Point-of-care (POC) testing is beginning to be available for SARS-CoV-2. POC testing refers to a broad category of diagnostic tests that can be performed where patient care occurs. Functionally, these tests have a rapid turnaround time (TAT) and can potentially be performed by various nonlaboratory clinical personnel. These assays can be molecular or serologic. One molecular POC test by Abbott Diagnostics uses isothermal nucleic acid amplification (a technique similar to polymerase chain reaction [PCR]) to detect SARS-CoV-2 in approximately 15 minutes. The results of recent studies[15–17] have demonstrated low sensitivity for the Abbott ID Now assay with specimens collected in transport media. Thus, the EUA for this test was modified for testing only from direct/dry swabs.
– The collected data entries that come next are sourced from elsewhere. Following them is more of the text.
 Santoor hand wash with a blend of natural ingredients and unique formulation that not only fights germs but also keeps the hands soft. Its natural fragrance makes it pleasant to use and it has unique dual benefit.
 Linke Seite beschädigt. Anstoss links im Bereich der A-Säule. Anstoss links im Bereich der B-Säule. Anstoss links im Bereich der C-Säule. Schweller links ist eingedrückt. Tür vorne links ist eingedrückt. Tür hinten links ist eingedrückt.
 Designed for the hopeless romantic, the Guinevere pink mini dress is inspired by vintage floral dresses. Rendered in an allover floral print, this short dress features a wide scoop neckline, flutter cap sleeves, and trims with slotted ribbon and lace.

The Cellex serologic POC qSARS-CoV-2 IgG/IgM Rapid Test (Cellex, Inc.) utilizes a lateral flow immunoassay, which qualitatively detects IgM and/or IgG antibodies from whole-blood specimens. A blood specimen flows by capillary action along the cassette and, if anti–SARS-CoV-2 IgM or IgG antibodies are present, they will bind to recombinant SARS-CoV-2 antigens present on the test strip. The presence of these antibody-antigen complexes are then detected by a colorimetric change, which is revealed when the complexes are captured by anti–human IgG or anti–human IgM antibodies. The results are available in approximately 15 to 20 minutes. Of note, currently POC serology tests must be performed in conjunction with a CLIA (Clinical Laboratory Improvement Amendments)–licensed laboratory and cannot be performed in locations with only a CLIA waiver, such as a physician office.
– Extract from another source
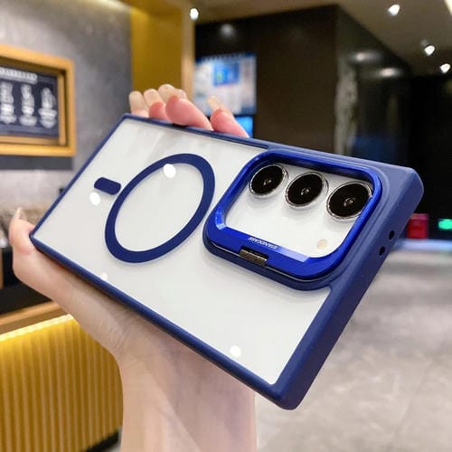 Estuche para Teléfono Samsung Galaxy S23 5G Magsafe Soporte Marco de Lente Metal (Azul)

Finally, there is now an antigen detection assay available from Quidel Corporation (Sofia 2 SARS Antigen FIA) that uses a lateral flow immunofluorescent sandwich assay technique for detection of the nucleocapsid protein antigen of SARS-CoV and SARS-CoV-2. In theory, viral proteins can be detected using one of a number of antigen capture methods (eg, antibodies, aptamers). Such tests are used routinely for other viral assays (eg, human immunodeficiency virus [HIV] p24 antigen as part of 4th– and 5th-generation HIV tests), and also for hepatitis B surface antigen. Like molecular assays, antigen detection tests can be used to detect active SARS-CoV-2 infection.
In summary, molecular and serological tests provide meaningful data for treating patients with COVID-19. However, each category has different clinical utility, different characteristics, and different limitations. Clinical laboratories continue to develop new assays and implement increased testing capabilities to meet the high demands for patient testing during this pandemic.